尽管视觉变压器（vit）在各种任务上的表现令人印象深刻，但对于移动视觉应用来说，它仍然很重。最近的研究提出了结合vit和卷积神经网络（cnn）的优势来构建轻量级网络。尽管如此，这些方法依赖于手工设计的具有预先确定的参数数量的体系结构。在这项工作中，我们使用神经结构搜索解决了在给定模型大小和计算成本约束下寻找最优轻量级vit的挑战。我们使用一种同时考虑模型参数和设备上部署延迟的搜索算法。该方法通过分析网络特性、硬件内存访问模式和并行度来直接准确地估计网络延迟。为了避免在搜索过程中需要进行大量的测试，我们使用了一个基于每个组件和操作的详细速度分解的查找表，可以重用它来评估每个搜索结构的整体延迟。与在搜索过程中测试整个模型的速度相比，我们的方法提高了效率。大量的实验表明，在相似的参数和FLOPs下，我们搜索的轻量级ViTs比最先进的模型具有更高的精度和更低的延迟。例如，在ImageNet-1K上，AutoViT_XXS （71.3% Top-1精度，10.2ms延迟）优于MobileViTv3_XXS （71.0% Top-1精度，12.5ms延迟），精度提高0.3%，延迟降低2.3ms。

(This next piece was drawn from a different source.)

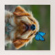 Un adorable cachorro recuperador de oro con una mariposa en la nariz.
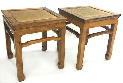 of typical waisted form with woven seats, high humpback stretchers and hoof feet.

本文章由计算机程序翻译，如有差异，请以英文原文为准。

求助全文

约1分钟内获得全文求助全文

来源期刊

International Journal of Computer Vision 工程技术-计算机：人工智能

CiteScore

29.80

自引率

2.10%

发文量

163

审稿时长

6 months

期刊介绍： The International Journal of Computer Vision (IJCV) serves as a platform for sharing new research findings in the rapidly growing field of computer vision. It publishes 12 issues annually and presents high-quality, original contributions to the science and engineering of computer vision. The journal encompasses various types of articles to cater to different research outputs. Regular articles, which span up to 25 journal pages, focus on significant technical advancements that are of broad interest to the field. These articles showcase substantial progress in computer vision. Short articles, limited to 10 pages, offer a swift publication path for novel research outcomes. They provide a quicker means for sharing new findings with the computer vision community. Survey articles, comprising up to 30 pages, offer critical evaluations of the current state of the art in computer vision or offer tutorial presentations of relevant topics. These articles provide comprehensive and insightful overviews of specific subject areas. In addition to technical articles, the journal also includes book reviews, position papers, and editorials by prominent scientific figures. These contributions serve to complement the technical content and provide valuable perspectives. The journal encourages authors to include supplementary material online, such as images, video sequences, data sets, and software. This additional material enhances the understanding and reproducibility of the published research. Overall, the International Journal of Computer Vision is a comprehensive publication that caters to researchers in this rapidly growing field. It covers a range of article types, offers additional online resources, and facilitates the dissemination of impactful research.